In der Erzählung heißt es weiter, dass Dongshan daraufhin in Gedanken verloren war und Yunyan ihm mitgab: „Du bist nun für diese große Sache verantwortlich; sei äußerst gründlich.“ Ohne weiteren Kommentar verließ Dongshan das Kloster. Später musste er einen Fluss durchwaten. Er schaute auf das Wasser, sah sein Spiegelbild darin und erwachte zur Bedeutung seines Austausches mit Yunyan. Daraufhin schrieb er die folgenden berühmten Zeilen:

„Just don’t seek from others, or you’ll be far estranged from self.

I now go alone; everywhere I meet it.

It is now me; I now am not it.

One must understand in this way to merge with suchness.”

Dieses „dies“, dieses „es“ sollten auch wir ergründen, wenn wir uns für diese große Sache verantwortlich zeigen wollen.

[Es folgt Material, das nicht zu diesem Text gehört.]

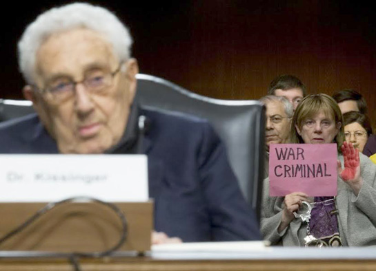 Hitchens’ words were lost on Senator McCain, who preferred fawning to accountability. That’s where CODEPINK comes in. If we can’t get Kissinger before a court of law, at least we can show – with words and banners – that there are Americans who remember, Americans who empathize with the man’s many victims, Americans who have a conscience.
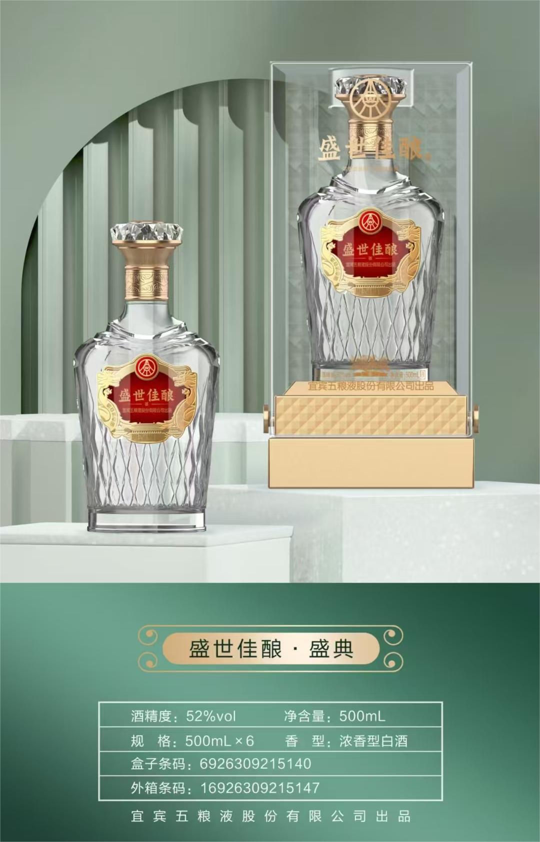 2瓶五粮液盛世佳酿(钻石)亚格力透明盒浓香型白酒52度
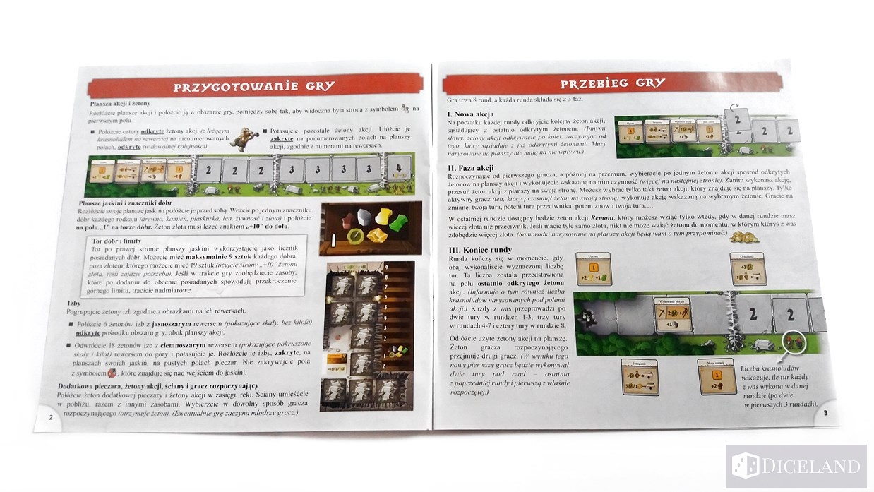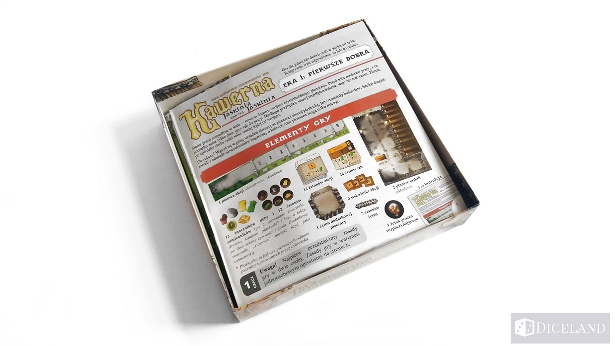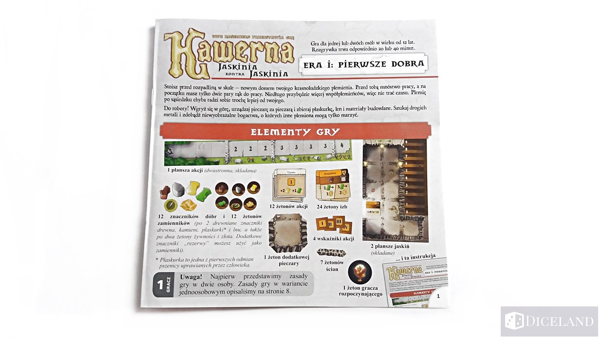 Już na samej górze widnieje bardzo ciekawa i zastanawiająca informacja. Chodzi o napis „Era I: Pierwsze Dobra”, czyżbyśmy się mięli spodziewać kolejnych odsłon mini-kawerny? Jest to bardzo możliwe i wydaje mi się, że poszczególne elementy będzie można za sobą łączyć. Pożyjemy, pogramy, a czas pokaże. Instrukcja została napisana poprawnie i tuż po jej lekturze nie miałem wątpliwości jak prawidłowo wykonywać akcje w swojej turze. Zawiera ona wiele ilustracji, a na jej końcu pojawiły się dodatkowe informacje o zmianach w przygotowaniu i rozgrywce dla pojedynczego gracza.
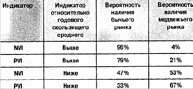 В своей книге «Логика фондового рынка» (In Stock Market Logic) Норман Фосбак указывает, что когда NVI поднимается выше своего годового скользящего среднего, вероятность бычьего рынка равна 95%. А когда NVI опускается ниже своего годового скользящего среднего, шансы бычьего рынка составляют примерно 50%. Таким образом, индекс отрицательного объема наиболее эффективен как индикатор бычьего рынка.
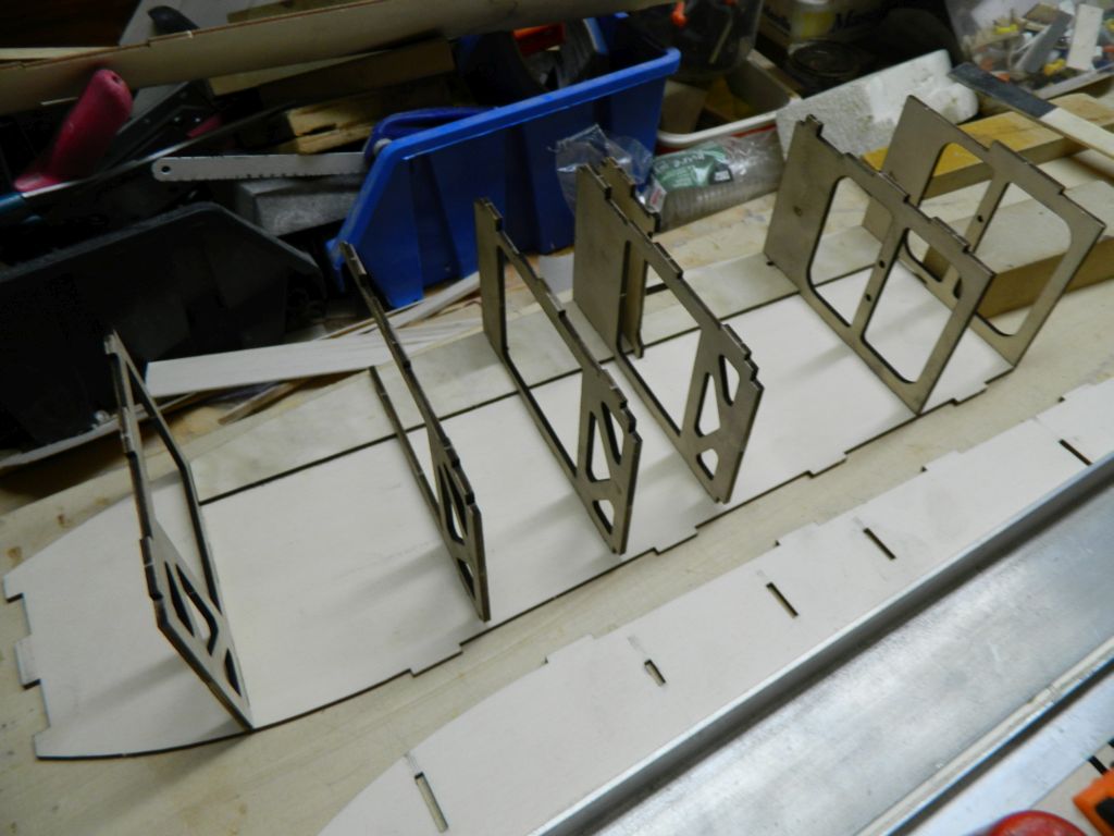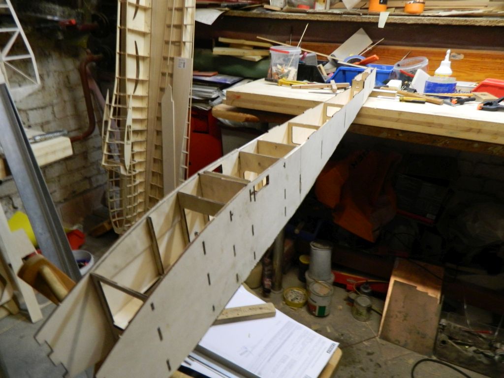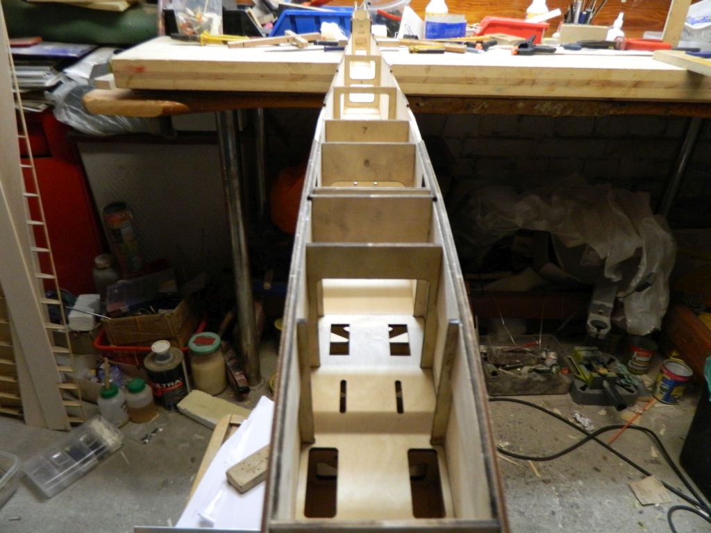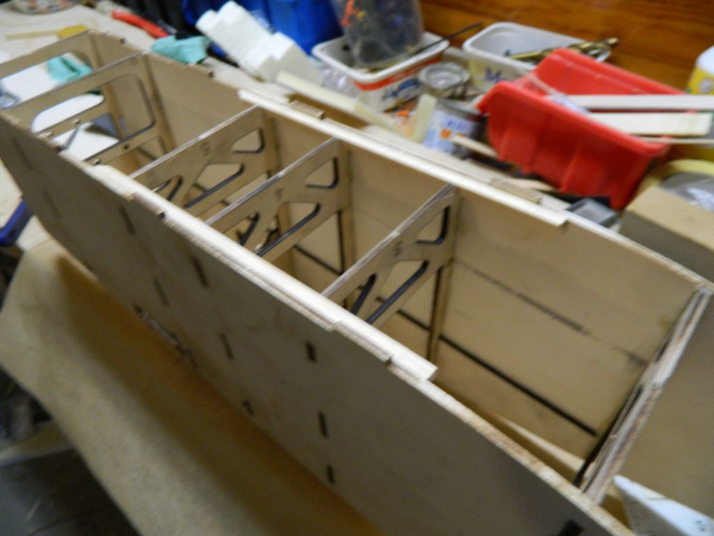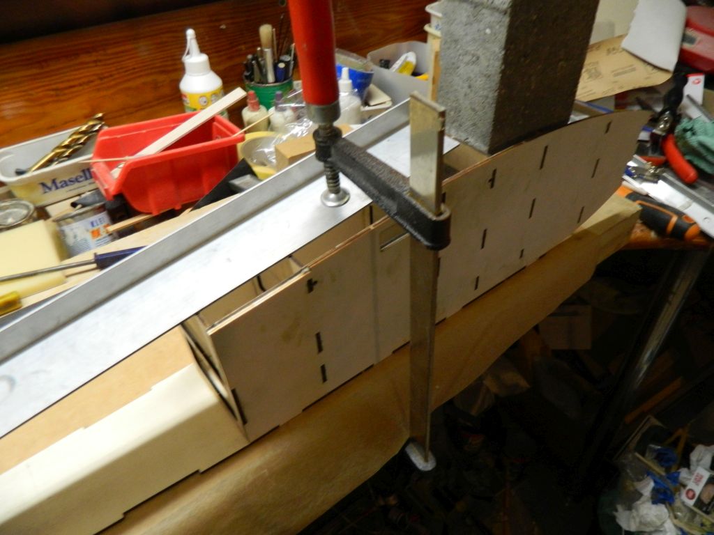 Długo zastanawiałem się jak skleić kadłub. Przede wszystkim klej musi mieć długi czas aplikacji. Wybór był prosty - klej poliuretanowy. Na początek wkleiłem wręgi w jeden z boków przedniej części kadłuba. Następnie drugi. Wykorzystałem półkę pod pakiet/serwa jako element stabilizujący, nie przyklejałem go. Podobnie jak wręgi silnikowej - jej wklejenie uniemożliwi zamocowanie później półki. Między wręgami 2-6 u dołu tam gdzie są wpusty we wręgach, wkleiłem listwę sosnową 5x5. Wszystko ustabilizowałem i skręciłem ściskami. Po wyschnięciu między wręgi 5/5.1 od spodu wkleiłem listwę 8x8. Następnie to pudełko skleiłem z dolnym poszyciem kadłuba.

Ergründen „wie ein neu geborenes Kind“, von dem Dongshan in seinem späteren Gedicht, dem Hôkyo Zanmai, schreibt30:

Like facing a jewel mirror; form and function behold each other.

You are not it; but in truth it is you.

Like a newborn child, it is fully endowed with five aspects:

No going, no coming, no arising, no abiding;

“Baba wawa” – is anything said or not?

In the end it says nothing, for the words are not yet right.

Ganz in Ruhe!

27 807-869 n. Chr.; jap.: Tôzan Ryôkai.

28 780-841 n. Chr.; jap.: Ungan Donjô.

29 Vgl. Taigen Dan Leighton, in: „Just this is it – Dongshan and the Practice of Suchness“, 2015, S. 34, m.w.N.

30 Vgl. dazu in: Finde tiefen Glauben in dir selbst – ZEN-Koans in heutiger Zeit, 2018, S. 356, m.w.N.